PEP8 passing without complaints: pep8 sklearn/cluster/k_medoids_.py
Pyflakes passing without complaints: pyflakes sklearn/cluster/k_medoids_.py

amueller · 2015-08-04T19:12:01Z

Travis is unhappy.

…doids.

…ith python 2.7

terkkila · 2015-08-06T10:12:33Z

Travis is happy now. Is there something I can do to the AppVeyor error?

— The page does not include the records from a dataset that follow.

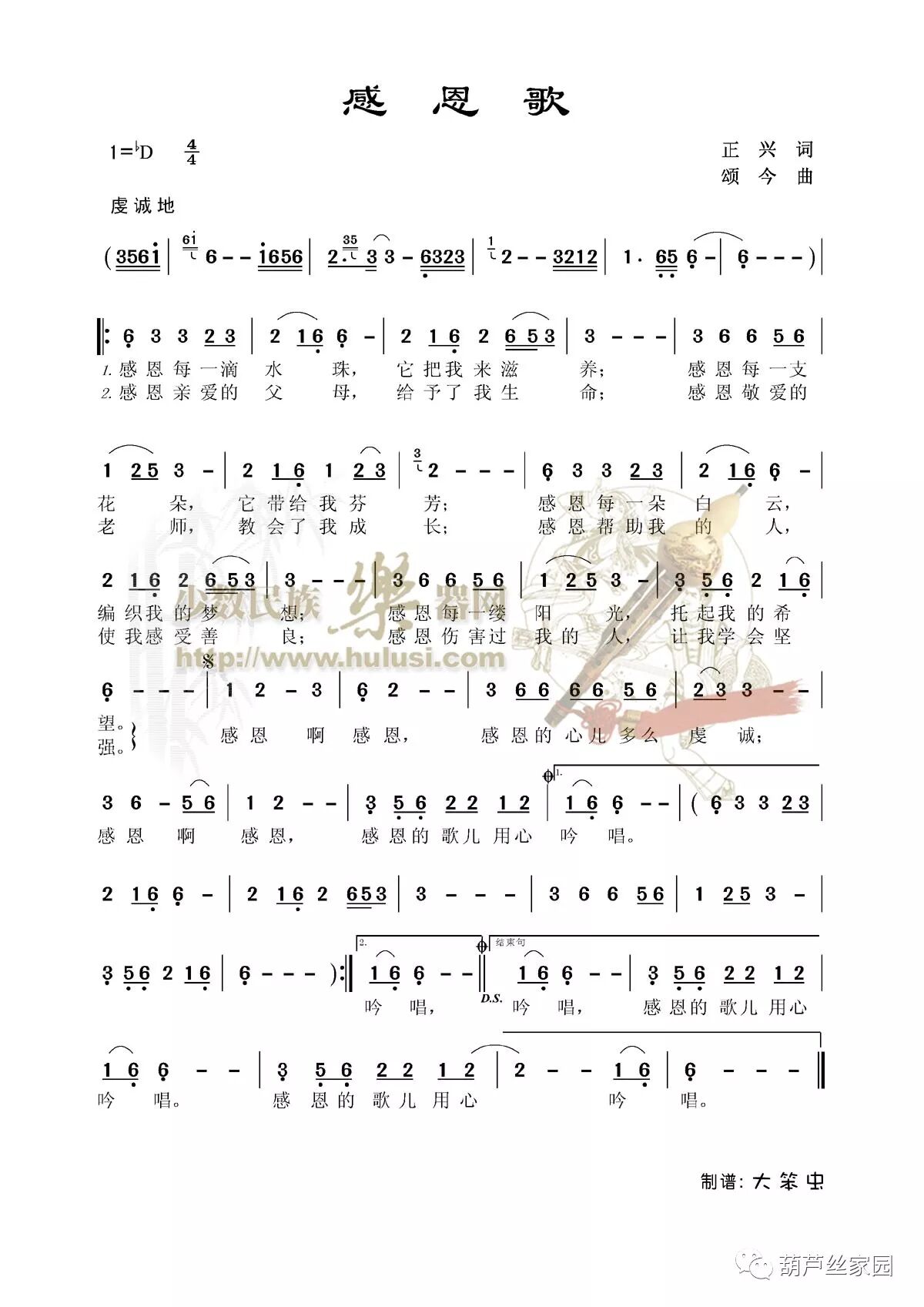 感恩亲爱的父母, 给予了我生命。感恩敬爱的老师, 教会了我成长。感恩帮助过我的人, 使我感受善良。感恩伤害过我的人, 让我学会坚强。葫芦丝《感恩歌》音频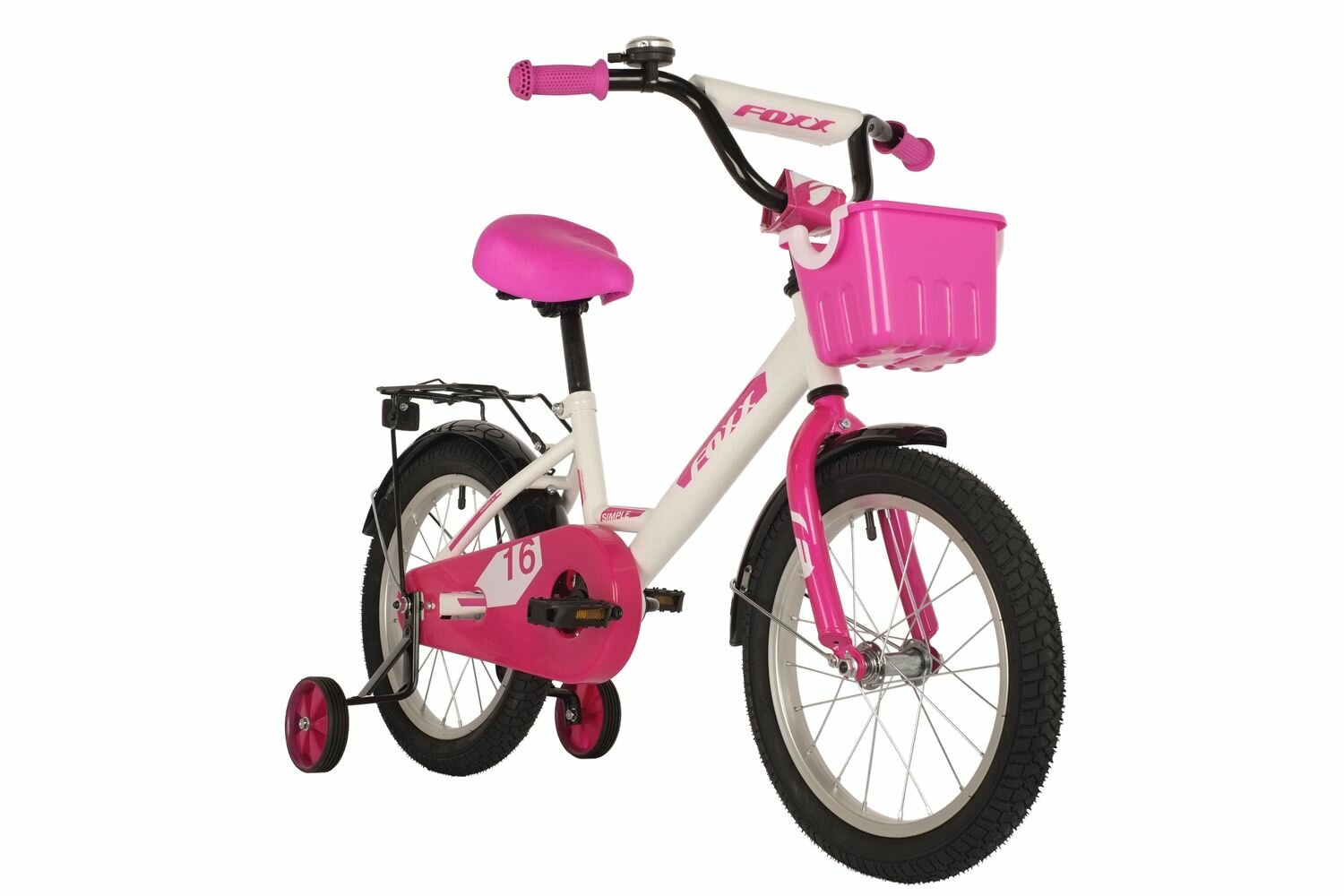 Велосипед FOXX SIMPLE 16″ (2021) (Велосипед FOXX 16″ SIMPLE белый, сталь, тормоз нож, крылья, багажник, перед. корзина, полная защ. цепи): сравнение цен, характеристики, фото, актуальное наличие и цены.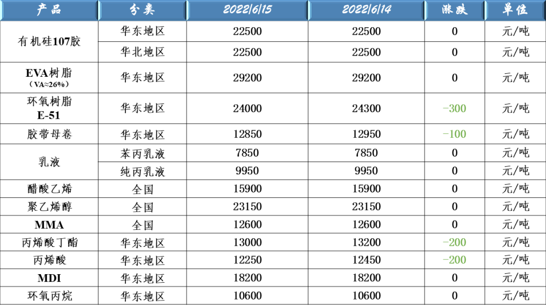 有機硅107、EVA樹脂、環氧樹脂、膠帶母卷、醋酸乙烯、聚乙烯醇、乳液、丙烯酸、MDI及環氧丙烷等價格走勢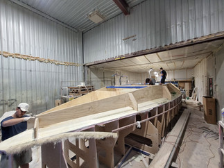 ✔️ Hull gelcoat, 1st skin, foam core, fibre reinforcements & 2nd skin done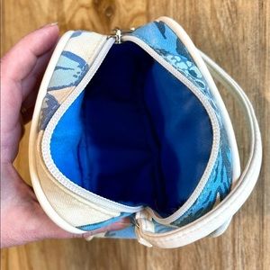 Super cute little purse in good vintage condition! I cleaned this one up A LOT. It still has a little discoloration, but not too noticeable at all. The piping and strap are in good condition aside from a little wear near the zipper. Love this one!!! Clean inside.

TomDLT · 2015-08-06T12:24:29Z

Nice work !
Appveyor is down

TomDLT · 2015-08-06T12:28:24Z

sklearn/cluster/k_medoids_.py

+
+        # Check n_clusters
+        if (n_clusters is None or 
+            n_clusters <= 0 or 


trailing whitespace lines 52 and 53

TomDLT · 2016-08-18T14:24:00Z

sklearn/cluster/k_medoids_.py

+        return labels
+
+    def inertia(self, X):
+


TomDLT · 2016-08-18T14:40:52Z

This work looks good to me, thanks @terkkila !
Address my comments and I give my +1.

agramfort · 2016-08-20T14:41:17Z

sklearn/cluster/k_medoids_.py

+
+    Parameters
+    ----------
+    n_clusters : int, optional, default: 8


is it the same default as kmeans?

yes, it is.

agramfort · 2016-08-20T14:46:07Z

all CIs are not happy

before considering estimators for inclusion, we ask for arguments why this does better/more than what we already have. I see that you motivate KMedoids by the fact that any metric can be employed. ok but in terms of use case do you see any compelling argument? Said differently for what problem should I use KMedoids vs KMeans and why?

amueller · 2016-08-26T19:53:13Z

I think the main advantage is that you can specify custom metrics for which computing the mean is not easy / feasible / known. An example illustrating that would be nice. Maybe L1? (though I have no idea how that looks actually) Doing robustness to outliers would also be interesting (also see http://stackoverflow.com/questions/21619794/what-makes-the-distance-measure-in-k-medoid-better-than-k-means)

terkkila · 2016-08-26T20:18:59Z

Hi,

The most compelling use cases that I have faced is when working with time
series data, say demand of a products or consumption of electricity of
households, where comparing one time series along the original time axis is
not optimal due to shifts by some offsets. In such cases, Dynamic Time
Warping can be used, but is just one among many options, that can be
plugged into K-Medoids. I have worked with this DTW & KMedoids combination
using different datasets, and it seems to be robust and well-performing
choice.

Cheers,
Timo

On Fri, Aug 26, 2016 at 10:54 PM, Andreas Mueller notifications@github.com
wrote:

I think the main advantage is that you can specify custom metrics for
which computing the mean is not easy / feasible / known. An example
illustrating that would be nice.

—
You are receiving this because you were mentioned.
Reply to this email directly, view it on GitHub
#5085 (comment),
or mute the thread
https://github.com/notifications/unsubscribe-auth/ABKkLWM7hudHY3j7lezKjgkALTL5h1y0ks5qj0RZgaJpZM4FljPk
.

amueller · 2016-08-26T20:38:06Z

there's no dtw in scipy, right?

@bmcfee you're gonna contribute upstream, IIRC ;)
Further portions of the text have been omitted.